Second, today’s edition is a bit more technical than usual, but I suggest trying to read through it. While I’m aware many of you don’t write code, the concepts here are pretty universal, and I hope speak to what these models are best at and the kind of work they open up.

One of my go-to AI use cases is data extraction. I first discovered this when I was building my Marketing x AI Landscape way back when, and I wanted to do price comparisons. I scraped each pricing page from each vendor and then sent it through the GPT-3 API (at the time) to turn it into structured data. This has legitimately opened up a world of use cases for me, and it’s something I do enough of that I’ve actually built a separate product that I might one day make available to others that has the sole purpose of taking a data schema and a URL and doing all the scraping and extraction.

When people talk about AI, they often focus on replacing work they’re already doing, but the thing about this particular use case for me is that it opens up a whole world of interesting projects that I would have just entirely skipped because getting at the data would have sucked.

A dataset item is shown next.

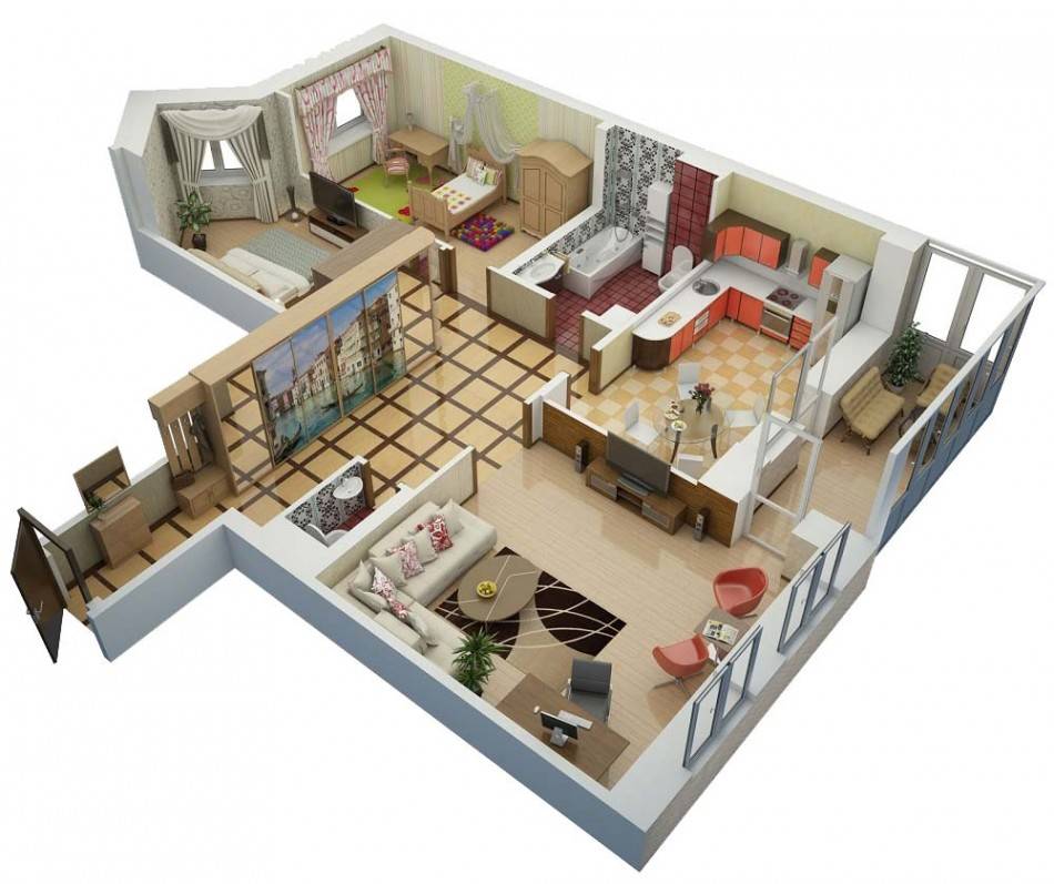 В данный состав включают несколько вариантов планировки с разных ракурсов. Могут использоваться и различающиеся между собой варианты проектирования. Это дает возможность дизайнеру и бригаде рабочих взглянуть на обстановку с разных сторон.

One of those projects is building a product recommendation site based on my newsletter Why is this interesting? (WITI). If you’re not familiar with WITI, it goes out daily to about 25,000 subscribers, and we (Colin Nagy and myself) bill it as aimed at the intellectually omnivorous. We have many guest posts, and after 1,500 emails, we have quite a catalog of ideas and product recommendations buried in each issue’s 750 words.

But I certainly don’t feel like digging through over one million words to get at the products inside, so I finally got around to working through building an extraction pipeline using AI (mostly GPT 3.5 and 4). To me, this is a perfect use case: take some unstructured data and ask the model to structure it.

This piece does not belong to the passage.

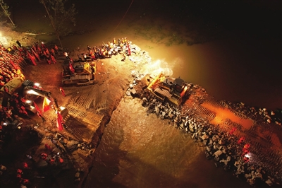 连续两个昼夜合力奋战,到26日2时27分,大堤上终于传来喜讯:卫河决口成功合龙!
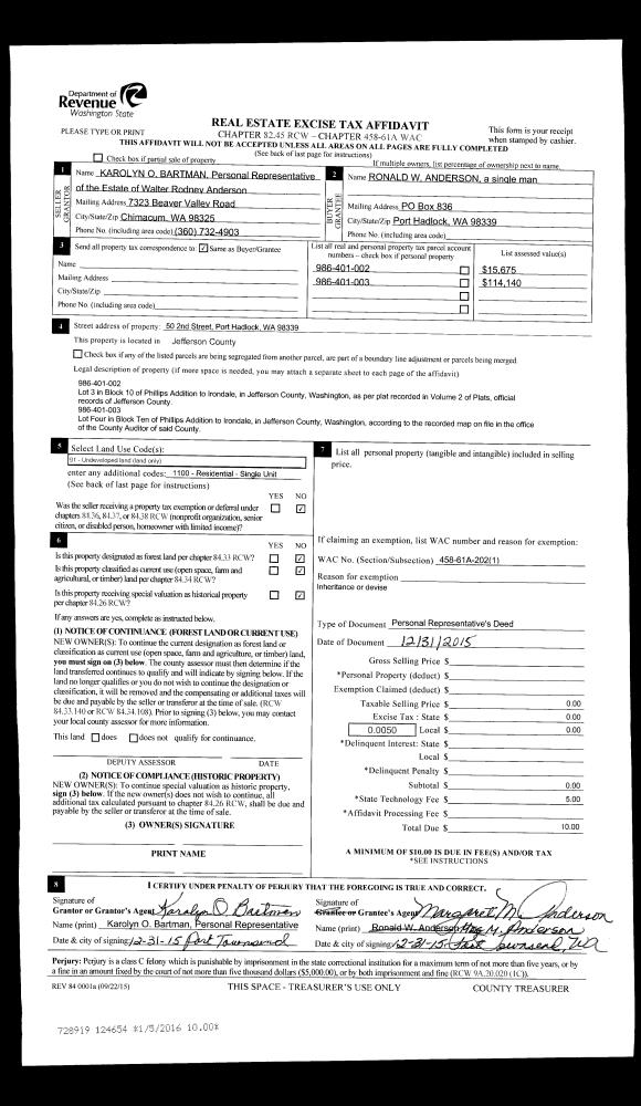 | Mailing Address: | LEAH LAYMAN 1080 MCPHERSON ST PORT TOWNSEND, WA 98368-2342 | % Ownership: | 100.0000000000% |

A big thank you to our first 2024 sponsors: Brandguard is the world’s #1 AI-powered brand governance platform, Focaldata is combining LLMs with qualitative research in fascinating ways, and Redscout is a strategy and design consultancy that partners with founders, CEOs, and CMOs at moments of inflection for their organizations. If you’re interested in sponsoring the 2024 event, please be in touch.

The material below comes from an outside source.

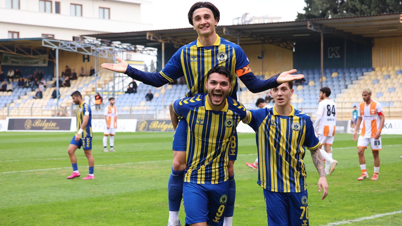 İZMİR, (DHA)- 2'nci Lig Kırmızı Grup'ta üst üste aldığı galibiyetlerin ardından adını Play-Off potasına yazdıran Menemen Futbol Kulübü, evinde düşme hattındaki Adanaspor'u farklı yenerek serisini sürdürdü: 3-0. Maça hızlı başlayan Menemen FK, 8'inci dakikada Baran'ın golüyle öne geçti: 1-0. Emre 39'uncu dakikada Menemen FK'nın ikinci golünü kaydetti: 2-0. Müsabakanın 45'inci dakikasında Efe Taylan ev sahibi takımın üçüncü golünü attı: 3-0. İlk devreyi 3-0 galip tamamlayan Menemen FK ikinci 45 dakikalık bölümde gol bulamadı ve 3 puanı 3 golle aldı. Bu sonucun ardından İzmir temsilcisi 38 puana yükselerek haftayı Play-Off barajında tamamladı. Adanaspor ise 4 puanla düşme hattında kaldı.

The project isn’t quite ready to launch yet, but I thought it might be interesting to talk through the process.

To start, I downloaded all posts from Substack and stuck them in a local database to work with them (I use Postgres, but anything will do). From there, I refined the prompt to extract the products.1 Over a year ago, I wrote about using Typescript types to get valid JSON out of OpenAI, but things have come a long way since then.2 First off, OpenAI (and many others) have added a “JSON mode” that ensures you get (mostly) valid JSON back in your response. This is a massive relief if you’re parsing the LLM output with code since it means you can now throw away a whole bunch of code used to validate and clean basic JSON. Second, I have found that rather than Typescript, JSON Schema gives me the ability to describe my fields better to provide the model with some more context. It looks like this:

This is pretty in the weeds, but if you write Typescript, you can even describe your schema using Zod and then convert it to JSON Schema so that you can also validate the response against it to make sure all the fields returned by the AI meet your requirements.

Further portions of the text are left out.